The literal logic: "there is a way to…"
English "can" is a single modal verb — one word that carries both the meaning and its own negation (can / cannot). Korean does it completely differently. -(으)ㄹ 수 있다 is not a modal at all; it's an existential statement. Break it apart:
- -(으)ㄹ 수 — literally "a way / means to VERB" (수 is the noun "way," 할 수 = "a way to do")

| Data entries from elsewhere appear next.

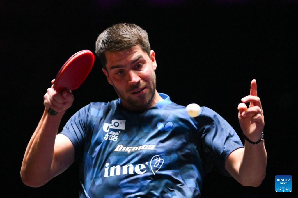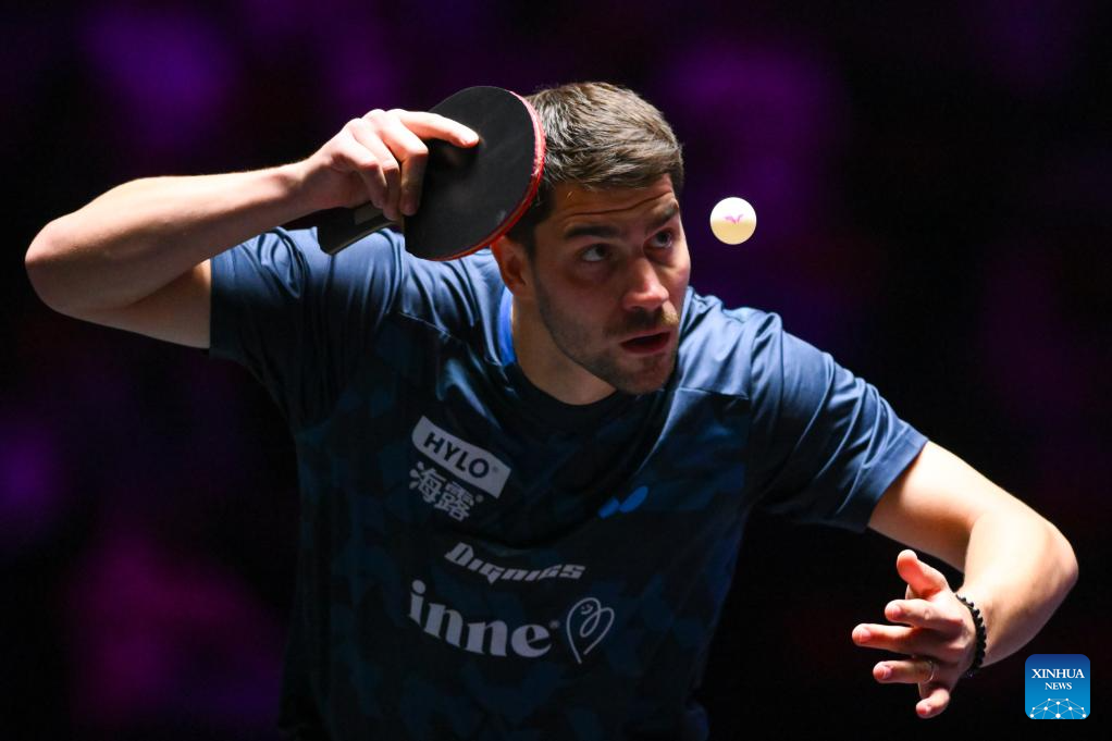 Patrick Franziska of Germany hits a return during the men's singles round of 16 match against Quadri Aruna of Nigeria at the 2025 World Table Tennis (WTT) Champions Macao in Macao, south China, Sept. 12, 2025. (Xinhua/Cheong Kam Ka)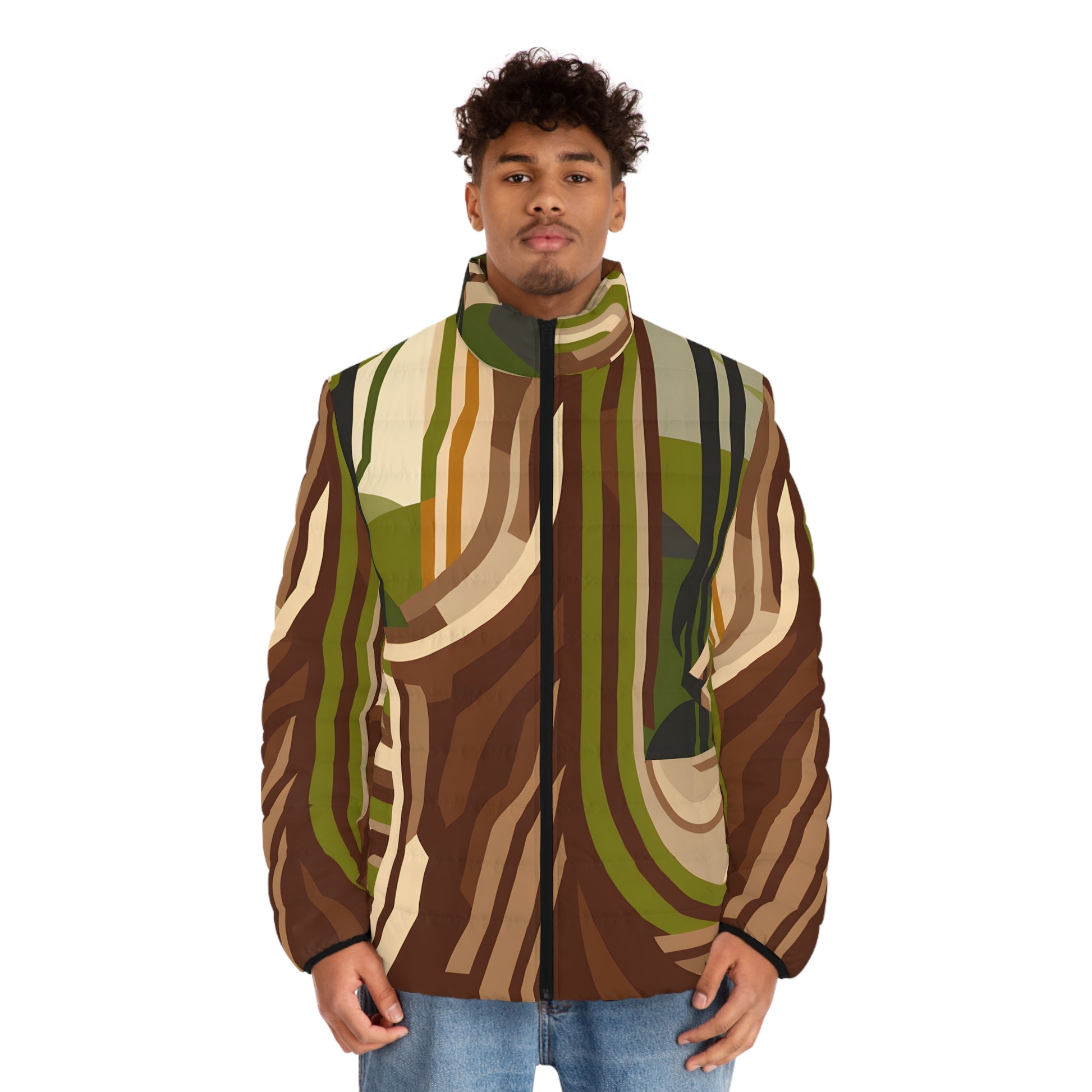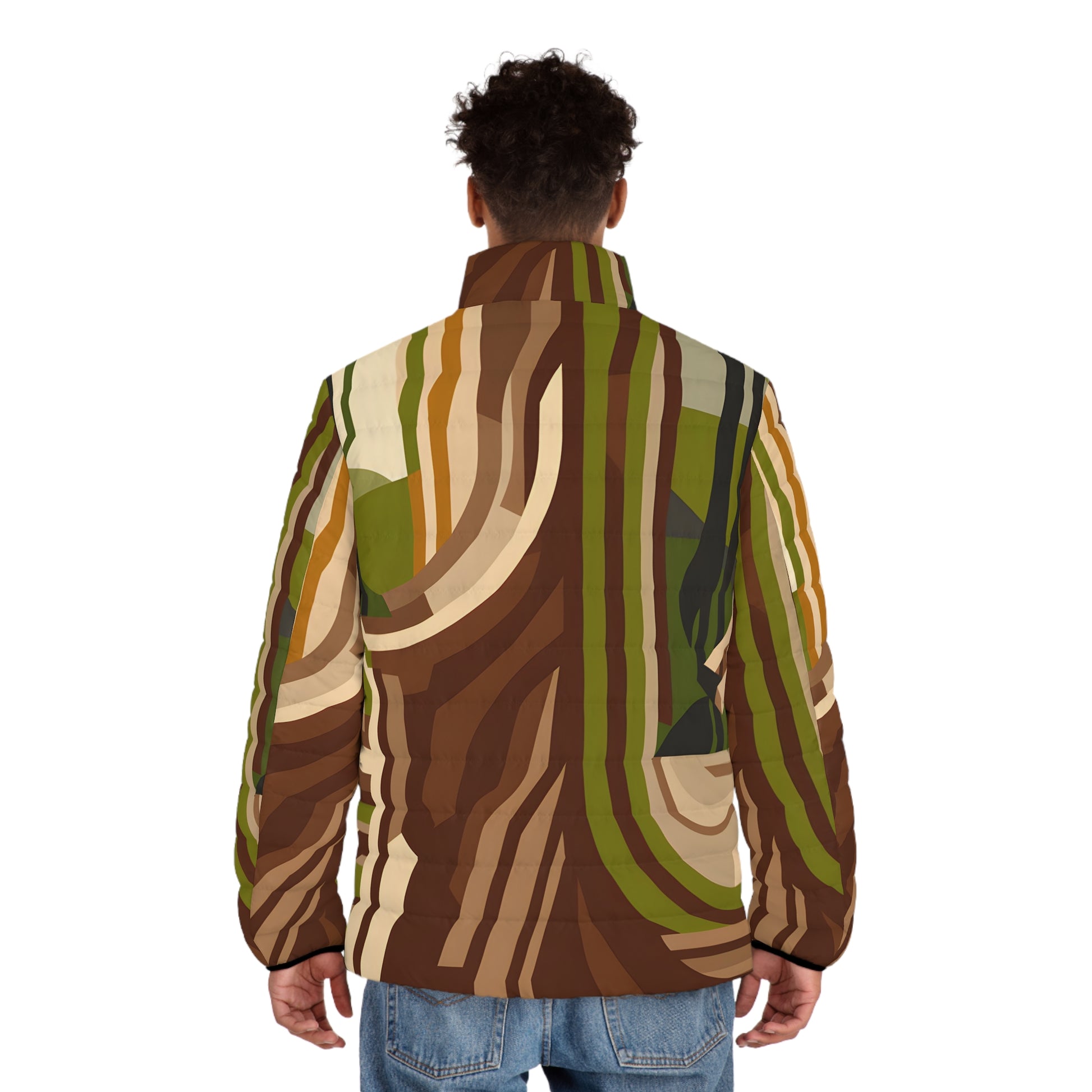 Abstract Timber Puffer Jacket Outdoor Apparel Trendy Winter Outerwear Warm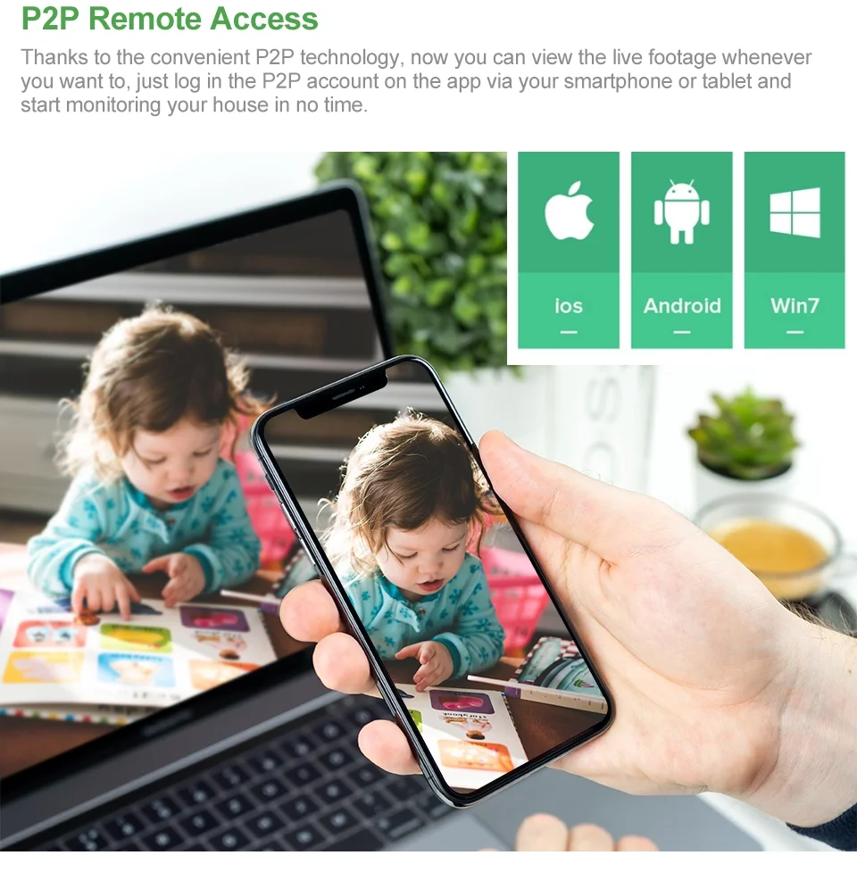 4. Поддержка сигнализации обнаружения движения, двухстороннее аудио непосредственно на ваш смартфон, планшет или windows PC, слот для sd-карты для локальной записи или Onvif NVR, воспроизведение онлайн.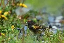 红额金翅雀:共有14个亚种。小型鸟类,体长12-14厘米。额、脸颊和颏朱红色,眼先和眼周黑色,在淡色的头部极为醒目。上体灰褐或乌褐色,尾上覆羽白色,两翅和尾黑色,翅上有黄色斑。下体喉、胸灰褐或乌褐色…全部>>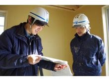 現場での作業指示をする技術者の社員と施工内容を確認する配管工の作業風景です。コミュニケーションを良くすることで作業もスムーズに行えるのでとても重要です。現場で施工指示をしている社員が技術者です。彼はこう見えて前職は美容師!未経験でも立派に仕事をこなしております。また指示を受けているのが配管工です。配管工の社員も前職はガスの配管工の仕事をしておりました。未経験者でも分かり易く丁寧に教えてくれる社員ばかりですので安心してください!

- 있다 — "there is / exists"
- 없다 — "there is not / does not exist"
So 할 수 있어요 is, word for word, "a way to do it exists" = "I can." And 할 수 없어요 is "a way to do it does not exist" = "I can't." The polarity — can versus cannot — lives entirely in the choice between 있다 (exists) and 없다 (doesn't exist). This is why you never negate this construction with 안 or 못: there is nothing for them to negate. You just swap the existence verb.
저는 매운 음식도 잘 먹을 수 있어요.
jeoneun maeun eumsikdo jal meogeul su isseoyo
I can eat spicy food just fine.
오늘은 좀 바빠서 갈 수 없어요.
oneureun jom bappaseo gal su eopseoyo
I'm a bit busy today, so I can't go.
한국어로 이메일을 쓸 수 있어요?
hangugeoro imeireul sseul su isseoyo
Can you write an email in Korean?
Attaching -(으)ㄹ 수: the allomorphy
The construction hangs on the prospective modifier -(으)ㄹ, the same ending you met with 것. Which shape you use depends on the verb stem:
| Stem type | Rule | Verb → form |
|---|---|---|
| ends in a vowel | add -ㄹ 수 | 가다 → 갈 수, 하다 → 할 수 |
| ends in a consonant | add -을 수 | 먹다 → 먹을 수, 읽다 → 읽을 수 |
| ends in ㄹ | ㄹ is absorbed — no added 을 | 살다 → 살 수, 만들다 → 만들 수 |
That third row matters. A ㄹ-final stem already ends in ㄹ, so the -(으)ㄹ ending simply merges into it — you write a single ㄹ, never a doubled one and never an added 을. 살다 → 살 수 있어요, not ×살을 수; 만들다 → 만들 수 있어요, not ×만들을 수.
이 요리는 집에서도 만들 수 있어요.
i yorineun jibeseodo mandeul su isseoyo
You can make this dish at home too. (ㄹ-stem 만들다 → 만들 수)
한글은 하루면 읽을 수 있어요.
hangeureun harumyeon ilgeul su isseoyo
You can learn to read Hangul in a single day. (consonant stem 읽다 → 읽을 수)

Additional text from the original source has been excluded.